Отнюдь не самая известная картина художника. Написанный им «Поцелуй» известен гораздо шире, даже человек, ничего не сведущий в искусстве, когда-то видел его или слышал о нем. Но «Юдифь и Олоферн» заслуживала внимания. То, что в одну эпоху в глазах художника выглядело трагично, в глазах Густава Климта превращалось в чувственность и обольстительность. Женщина, окруженная золотом и уверенная в своем очаровании, ее томный взгляд и изогнутые губы… В ней ощущалась свобода, а чувства плескались в полотне, захватывая внимание. Девушку совершенно не смущала ее нагота.

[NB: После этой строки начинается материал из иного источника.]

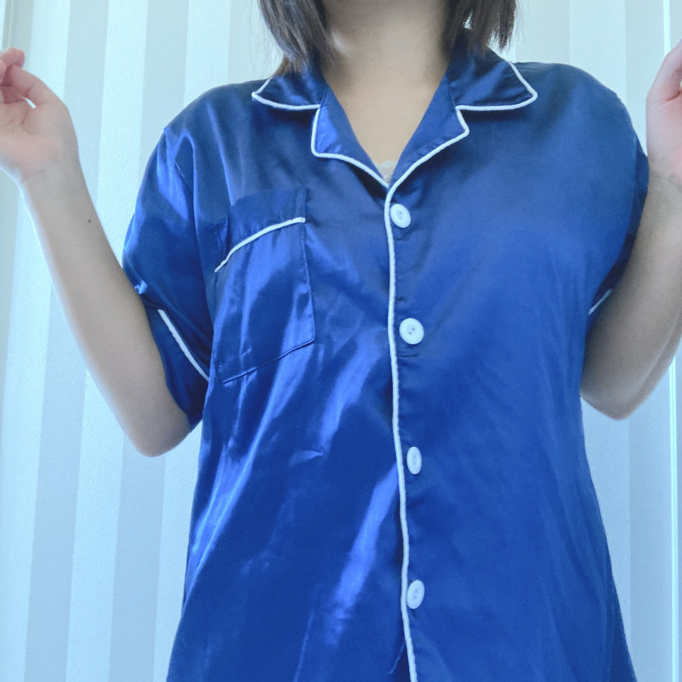 今日は、最近毎日愛用しているブルーのサテンルームウェアを出品しました!
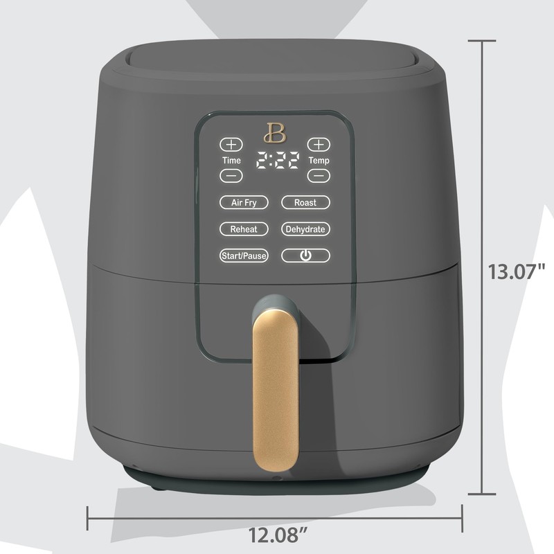Beautiful Drew Barrymore 6-Quart Digital Air Fryer, TurboCrisp Technology, 4 Presets, 170°F-400°F, Non-Stick, Dishwasher Safe, 1750 Watt. (OYSTER GREY)
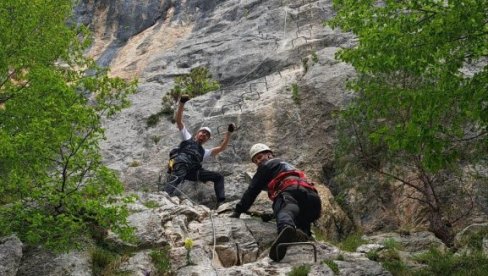 У ОКВИРУ припрема за специјалистичку обуку водича друге категорије за вођење на обезбеђеним пењачким путевима - виа фератама, која се у организацији Планинарског савеза Србије одржава крајем месеца у Горњачкој клисури код Петровца на Млави, планинарски водич и председник ПД "Покрени се" из Крупња Душан Жугић је са колегама из Милића недавно за два и по сата успешно прошао смер виа ферате "Соколов пут" на Црвеним стенама планине Романије у Републици Српској.
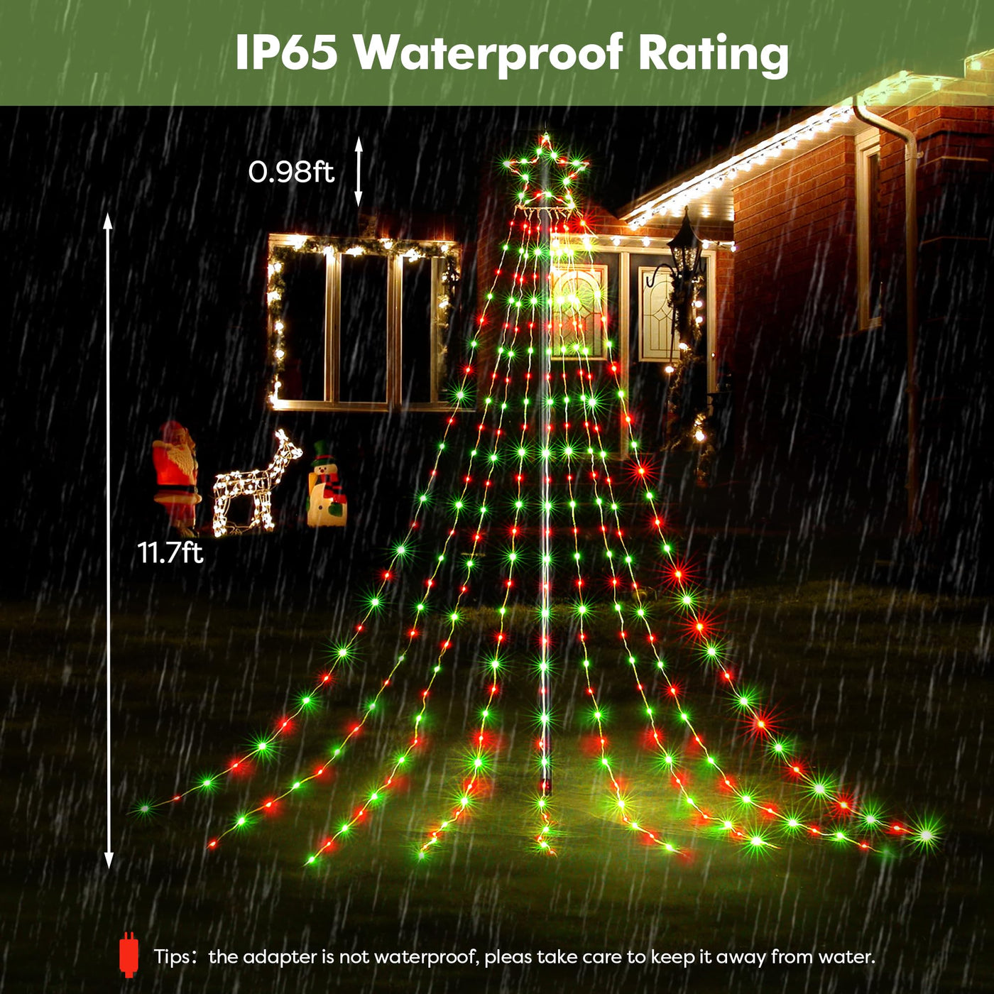 Blctec Outdoor Christmas Decorations, 352 Led Christmas Star Lights With 9 Strands 11.7Ft Waterfall Christmas Tree Lights, 8 Mod
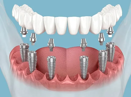 • Uses 4 or 6 implants to support a full-arch prosthesis.
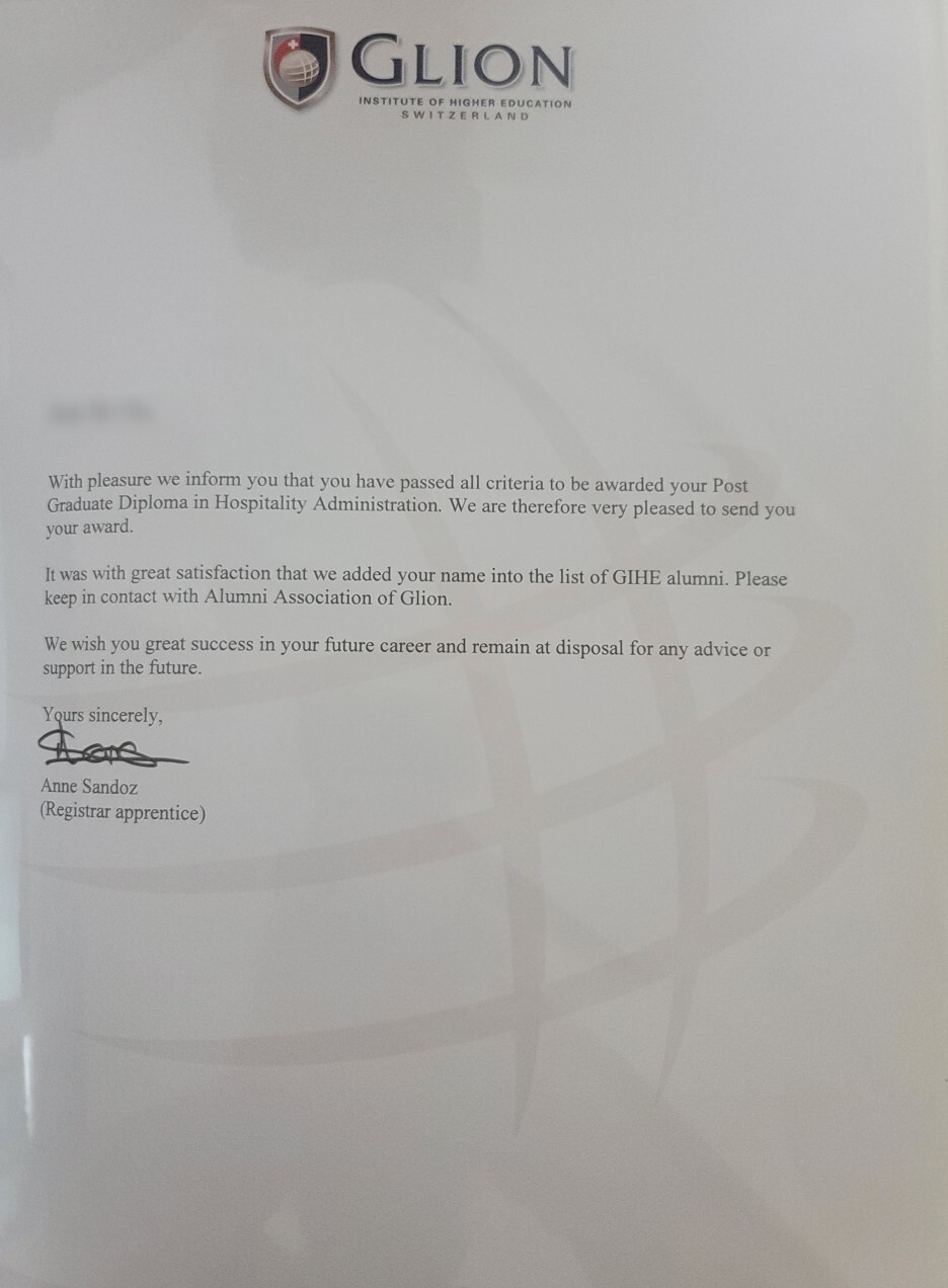 이 후, 나는 스위스 호텔 학교를 찾아보게 되었고, G.I.H.E 호텔학교 Glion Institute of Higer Education에 PGD 학생으로 입학하게 된다. PGD는 Post Graduate Diploma 과정으로 유럽에서 학교를 나오지 않았으나, 타국에서 4년제 대학을 졸업한 사람들에게 자격증을 주는 과정으로 수료증(Certificated)받는 과정과 자격증(Diploma)을 받는 과정이 나뉘어져 있으며, 더 나아가 Higer of Diploma 과정도 있다.

– Ты еще долго будешь здесь стоять? – раздался прохладный голос. Я обернулся. Она до сих пор, как и прежде, оставалась нетерпеливой. Одетая в брюки с высокой талией и легкую блузу, с забранными в хвост волосами и в темных, несмотря на то, что мы находились в помещении, очках. Ведь, как бы она ни старалась, ее взгляд и цвет радужек слишком отличались от человеческих.
Подняв руку, облаченную в тонкую перчатку, она приспустила очки, исподлобья смотря на картину.
– У нее видна грудь. Ты поэтому здесь остановился? – небрежно спросила Йенни. Не всерьез, скорее подтрунивая.
– Да. Только ради этого. Ничто иное меня не заинтересовало, – иронично отозвался я.
– Правда? – протянула Йенни слишком подозрительно.
Я, сдаваясь, выдохнул:
– Пожалуйста, только не вздумай здесь раздеваться.
И отвернулся от картины с Юдифь – в конце концов, явились мы сюда совсем по другой причине.
Йенни улыбалась – криво, опасно, чувствуя свою победу. Она до сих пор временами вела себя как ребенок. Годы не меняли не только ее облик, но и ее саму. В отличие от меня… Мне казалось, я изменился. Прошло столько лет, что мне приходилось возвращаться в эти стены, чтобы напомнить себе. Напомнить, кем я был и кем должен был остаться, несмотря на прошедший век и те столетия, что минут после.
Дева Льда вернула на нос очки.
– Идем.
– Соманн остался один?
Она кивнула, и стук ее каблуков зазвучал по каменной лестнице, ведущей вверх. Йенни, преодолев несколько ступенек, остановилась, глядя на меня снизу вверх. Однажды, несколько десятилетий назад, Дева сказала, что только меня она готова ждать. Главное, чтобы ожидание не продлилось долго, ведь для нее это мука.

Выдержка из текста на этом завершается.